ChatGPT, Google Gemini and Meta AI are all LLMs that work by predicting the next word, using word vectors.

New Delhi:

Have you ever wondered how ChatGPT works? The short answer to this complex question lies in large language models or LLMs, which are fundamental models that are trained using large amounts of textual data. These models do not process words like humans do. Instead, they use a long series of numbers that represent a single word. This data is sent to computers in the form of Word vectors.
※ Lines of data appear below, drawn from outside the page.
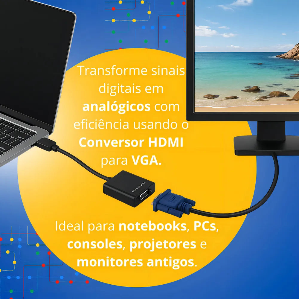 Com uma resolução máxima de 1080p, o conversor garante uma qualidade de imagem nítida e clara, ideal para reuniões, aulas ou entretenimento em casa. Seu acabamento na cor preta combina com qualquer ambiente, tornando-o um acessório discreto e funcional.
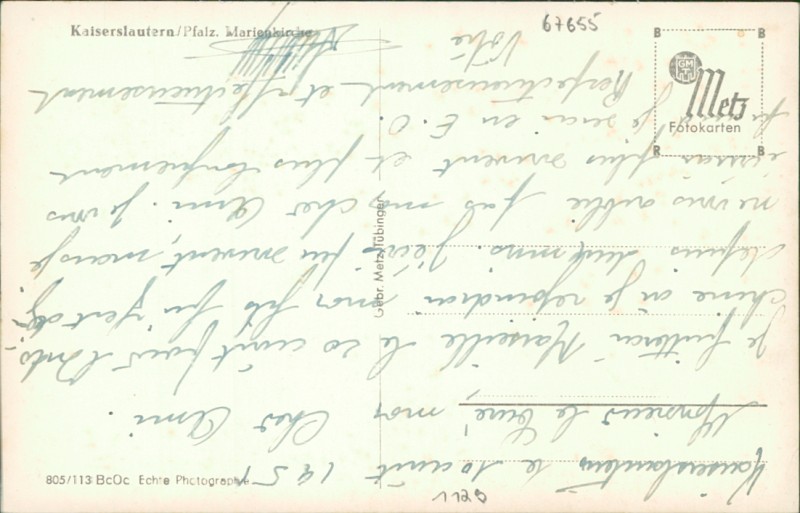 Alte Ansichtskarte aus Kaiserslautern, beschrieben um 1951.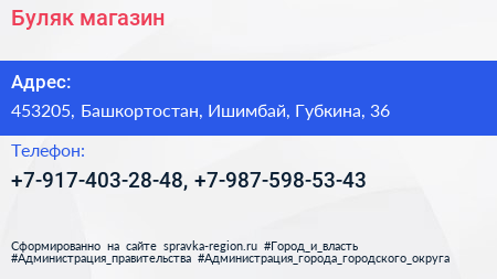 Буляк, магазин по адресу 453205, Башкортостан, Ишимбай, Губкина, 36 в дальнейшем Организация, размещена в следующих категориях: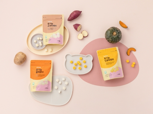 유기농 큐브는 아이가 이유식 등으로 다양한 원재료에 대한 안전성을 확인한 이후, ‘맛’에 대한 취향이 생기는 시기에 적합하다. 동결건조공법을 채택한 이유도 부드러운 표면과 식감으로 맛에 대한 경험을 해치지 않고 아이의 취향을 온전하게 판단할 수 있도록 하기 위해서다. 초기 이유식 재료로 많이 쓰여 친숙하고, 기호성이 좋은 편인 구황작물 3종을 원재료로 사용한 것도 특징이다. 특히 동결건조한 유기농 감자, 단호박 큐브는 판매처가 매우 드물어 희소성이 높다.
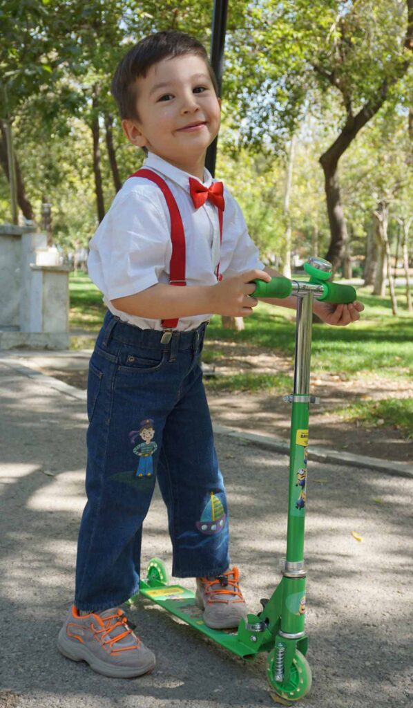 I paint on the front side of my son’s trousers so he can see and enjoy them while wearing them. We choose photos from Pinterest, and I customise them. Taking photos is challenging because my son isn’t always in the mood for taking photos most of the time, so I enjoy capturing moments of him playing.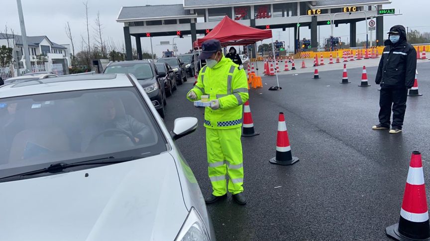 保利物業(yè)配合天凝鎮(zhèn)政府對(duì)高速入城口進(jìn)行人員防控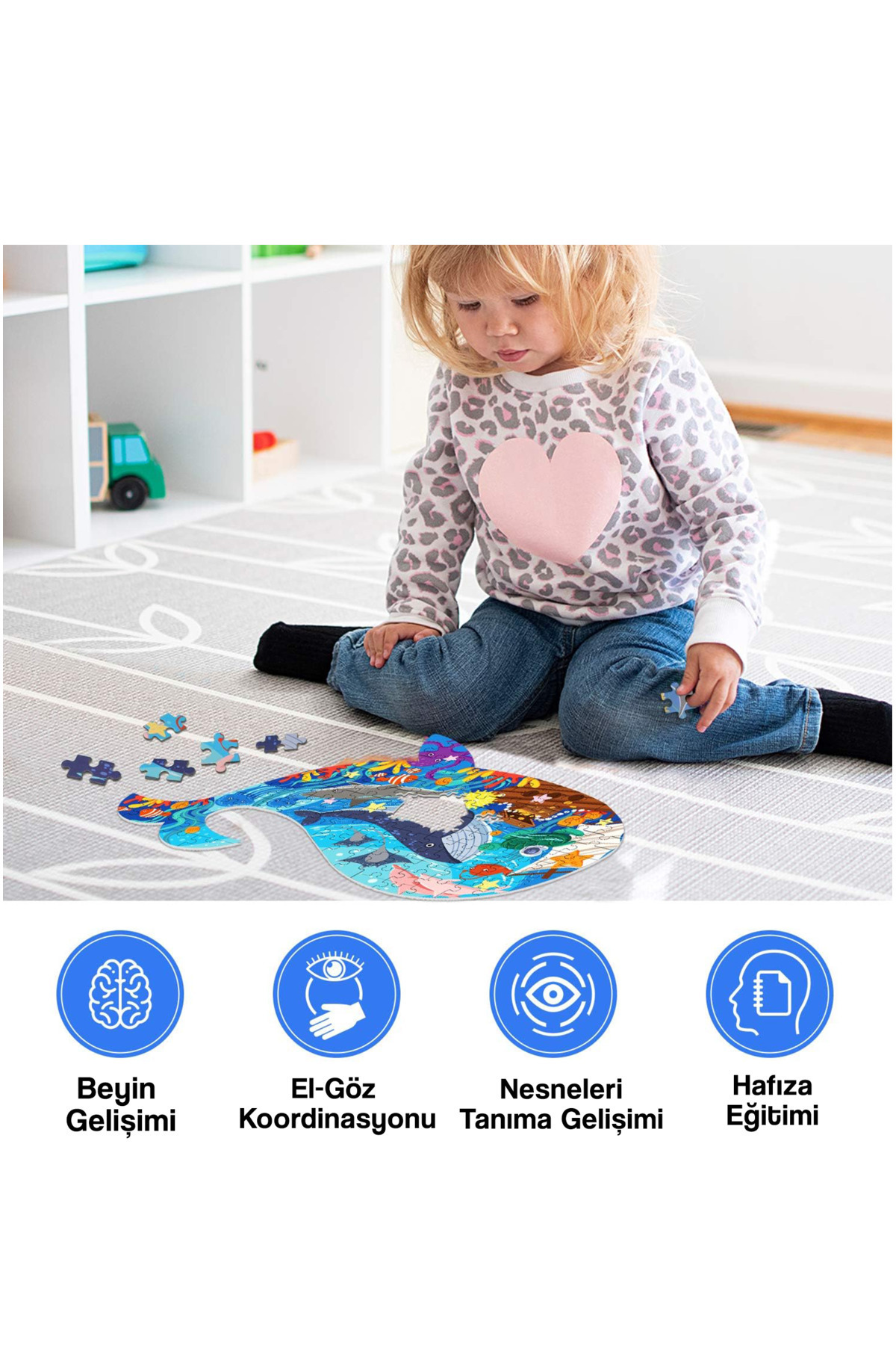 Notpa Ahşap Renkli Hayvanlar Serisi Balina Puzzle 5 Yaş Ve Yetişkinler Için Yapboz 30x47cm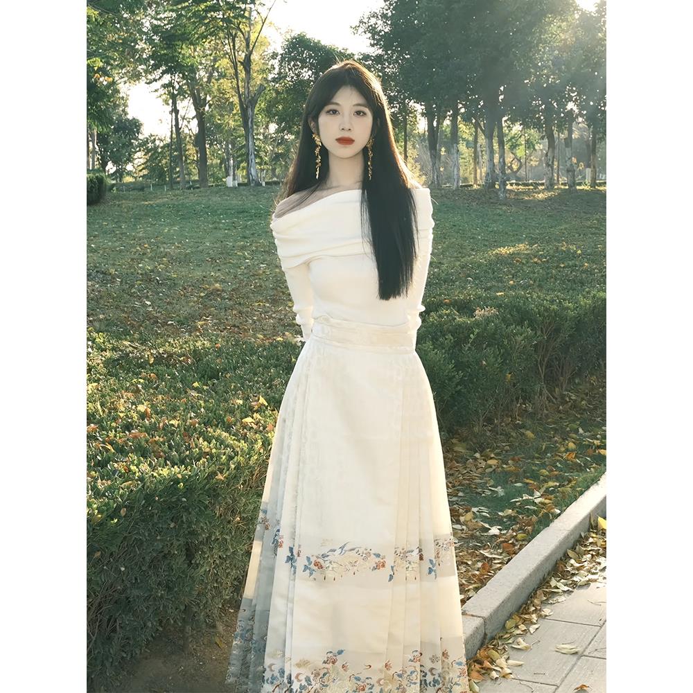 新中式京云染白色马面裙两件套装女秋冬国风一字肩上衣改良版汉服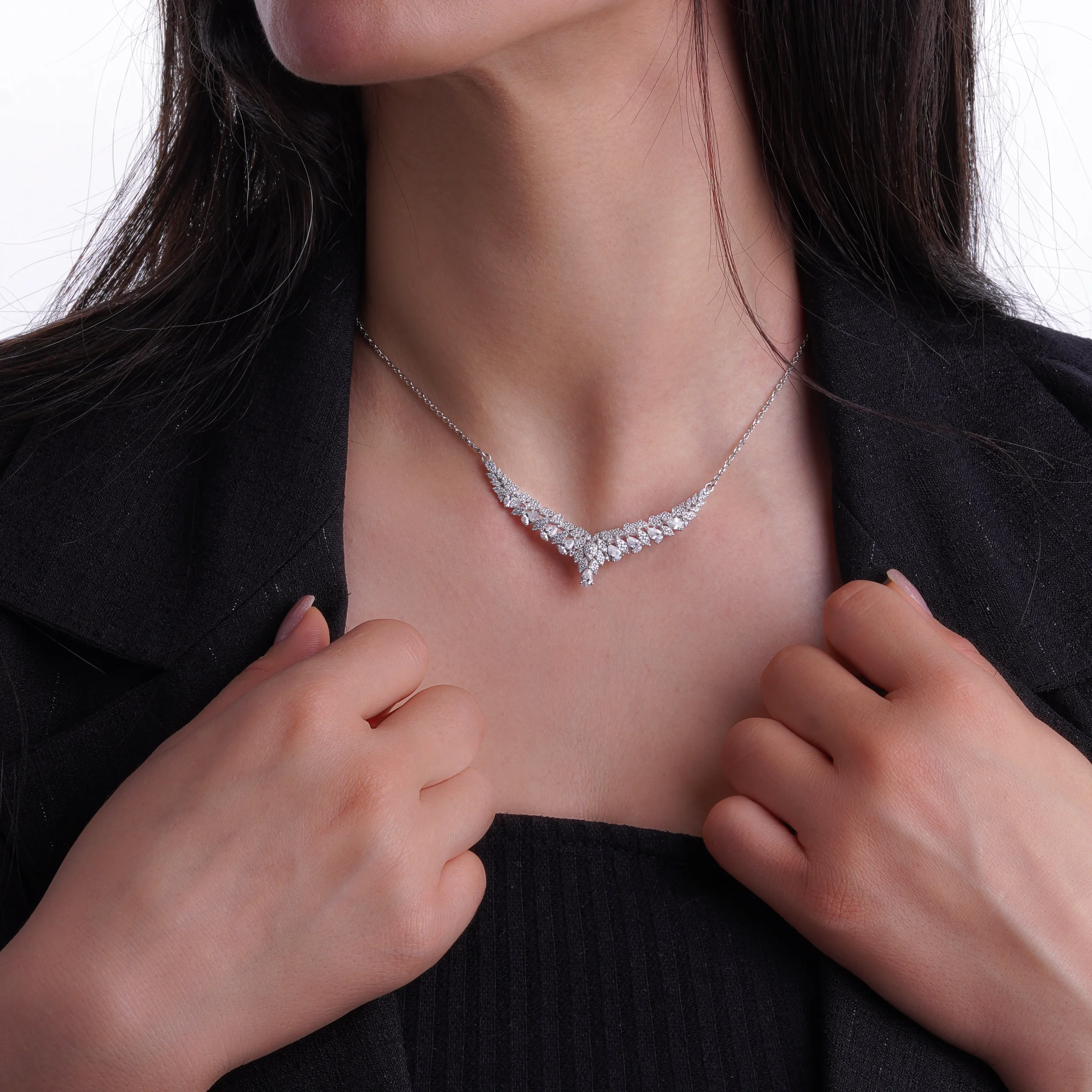 فرم V شکل گردنبند، روی خط گردن مینشیند و به دلیل طراحی پرجزئیات و خیرهکنندهاش، یک گزینه فوقالعاده برای بانوانی است که به استایل مجلسی با جزئیات ظریف و جلوهی الماسی علاقه دارند.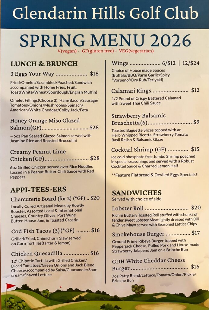 Nestled alongside our rolling hills, Glendarin Hills golf course restaurant offers more than just a delicious meal—it’s an experience. Enjoy fresh, responsibly sourced dishes made to impress. With a spacious patio overlooking parts of 4 holes, there’s no better place to unwind, dine, and drink in the beauty of the game.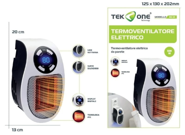 TERMOVENTILATORE ELETTRICO DA PARETE 500W 0000MH-04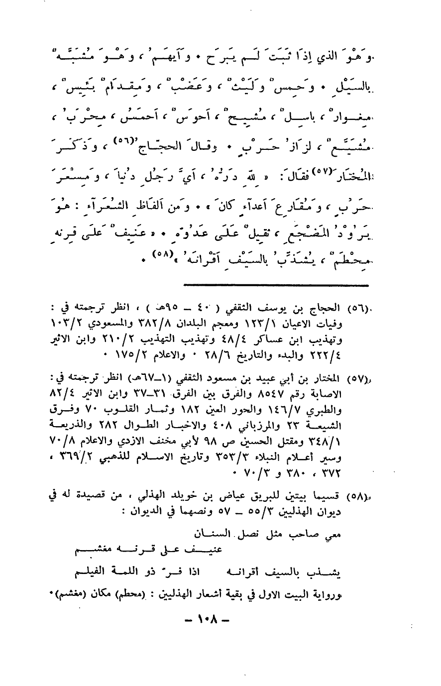 وهو الذي إذا ثبت لم يبرح. وأيهم، وهو مشبَّه بالسيل. وحَمِس وليث، وعَضْب، ومقدام بَئيس، مغوار، باسل، مُشيح، أحوس، أحمس، مِحرَب، مشيَّع، لِزازُ حرب. وقال الحجاج، وذكر المختار فقال: لله دره، أيَّ رجلِ دنيا ومسعرِ [ضبطه المحقق بالفتح] حرب، ومقارعِ [ضبطه المحقق بالفتح] أعداءٍ كان. ومن ألفاظ الشعراء: هو بَرودُ المضجعِ، ثقيلٌ على عدوه. عنيف على قِرْنه، مِحطَم، يشذِّب بالسيف أقرانَه.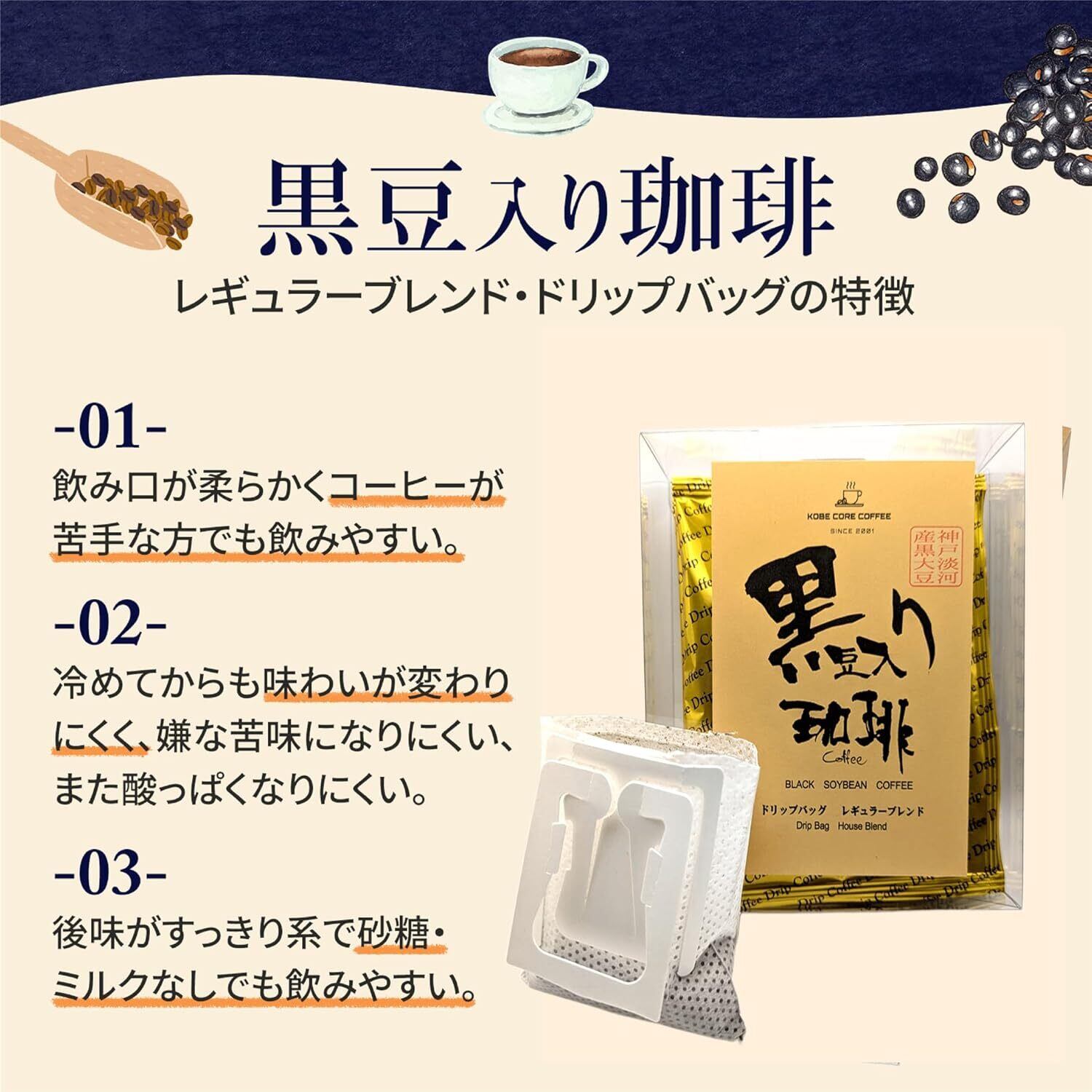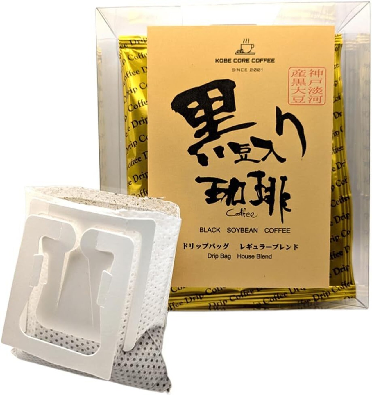 黒豆入り珈琲 レギュラーブレンド ドリップバッグセット ドリップコーヒー、ミルク砂糖なしでも飲みやすい、冷めても味が変わりにくい、1杯分づつお手軽に (7g×5(化粧箱入), レギュラーブレンド)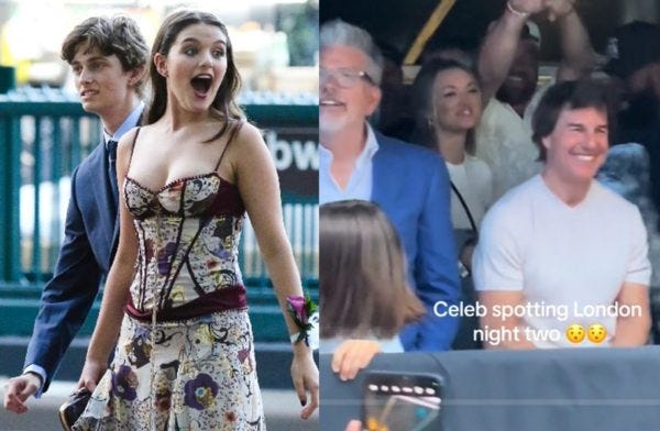 We’re not going to tell you anything you haven’t already seen or heard over the last few days, about how Tom Cruise was trading friendship bracelets and dancing at Taylor Swift’s second sold-out night at Wembley Stadium in London Saturday, while he was missing what was going on back in New York, where his daughter Suri attended her high school prom this week with boyfriend musician Toby Cohen, and then graduated from La Guardia High School, which had her name listed as “Suri Noelle” in the graduation program.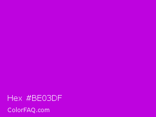 Hex #be03df Color is a normal purple color and the nearest color is Vivid Mulberry #b80ce3. Hex code #be03df and RGB value is rgb(190,3,223). In RGB color space, this color is composed of 75% red, 1% green, 87% blue, In CMYK color space, this color is composed of 15% cyan, 99% magenta, 0% yellow , 13% black , In HSL color space, this color has a hue angle of 291° , 97% saturation and 44% lightness.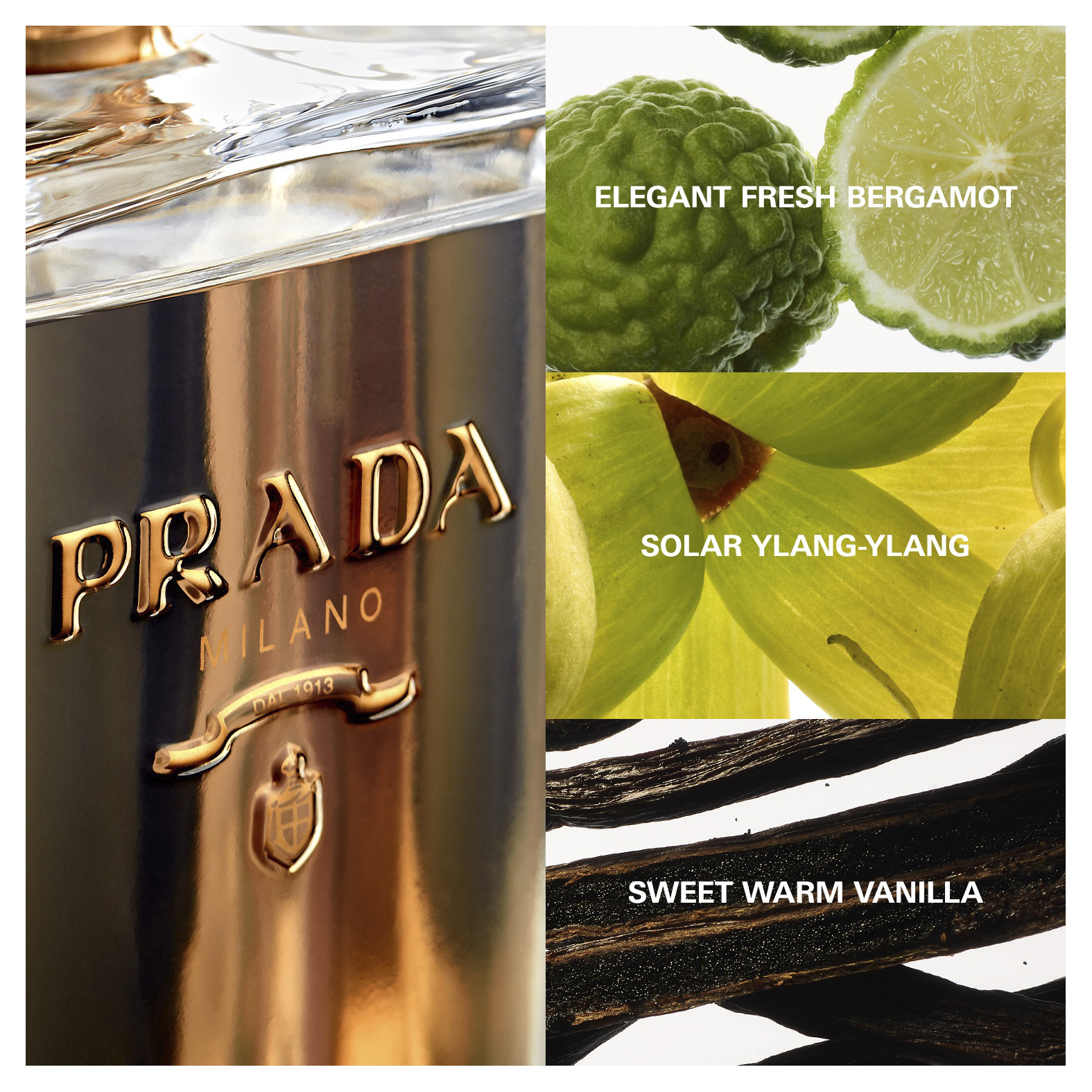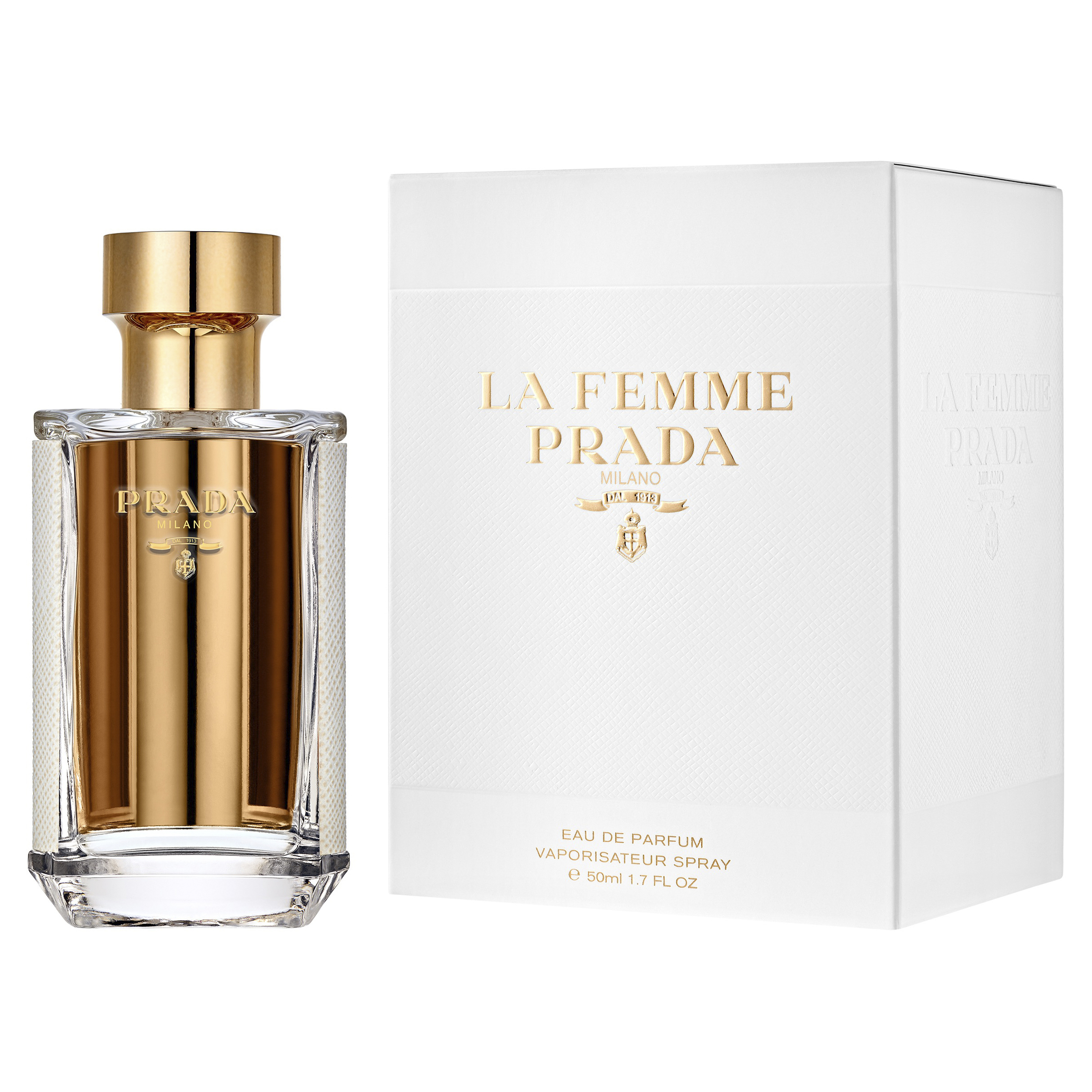 La Femme Prada Eau de Parfum is a sophisticated fragrance, a floral green scent combining unexpected frangipani accord, delicate ylang-yland and sensual vanilla. La Femme Prada is a fragrance mixing classic and unexpected ingredients to reflect duality of the feminine identity. The perfume bottle is wrapped in iconic white Prada Saffiano. The original Prada logo appears raised in gold on the front of the bottle. An internal mirror acts as a reflection of the multi-faceted nature of La Femme Prada.

These sequences of numbers are known as word vectors and can be imagined as a single point in an imaginary space, with words that have similar meanings placed closer together. The scale of each model is enormous and almost impossible to imagine, but for reference, GPT4 has a staggering 1.76 trillion parameters, with millions of unique word vectors, according to a June 28, 2023 report from SemiAnalysis, a US-based independent AI research and analytics company. Processing such a huge number of vectors with trillions of parameters has been made possible by the spectacular advancement in computing power in recent years. Most recently, on June 19, Nvidia became the world’s largest public company by market capitalization, surpassing Microsoft and Apple, as a result of growing demand for its AI-enabled chipsets.

ChatGPT, Google Gemini and Meta AI are all LLMs that work by predicting the next word, using word vectors. This prediction is done by transforming word vectors provided by the user as “cues” into predictions, using Transformers.

How is text prediction done in LLMs?

LLMs are multi-layered. Each layer consists of a neural network architecture (imagine artificial neurons) known as transformers. These transformers process the input text (each word vector individually) and within each transformer, the words in the form of vectors look around and interact for relevant information. This process is repeated over and over again, not just for a single message, but even for the next time a user enters a message with similar words in the LLMs. This allows efficiency in future searches for better prediction of “the next word” in the sequence.

How are LLMs formed?

LLMs are trained using unsupervised learning, eliminating the need for human labeling of data. Data from web pages, books and other textual sources are used to feed the LLMs before being made public. These have also generated controversy since in some cases they reflect human prejudices. In particular, Microsoft’s Twitter Chatbot Tay, Google’s Gemini, and OpenAI’s Sora (text-to-video converter) have generated controversy over the years for giving bigoted, racial, and gender discriminatory responses. To its credit, the industry has responded to the challenge and is constantly evolving to override human biases in LLMs.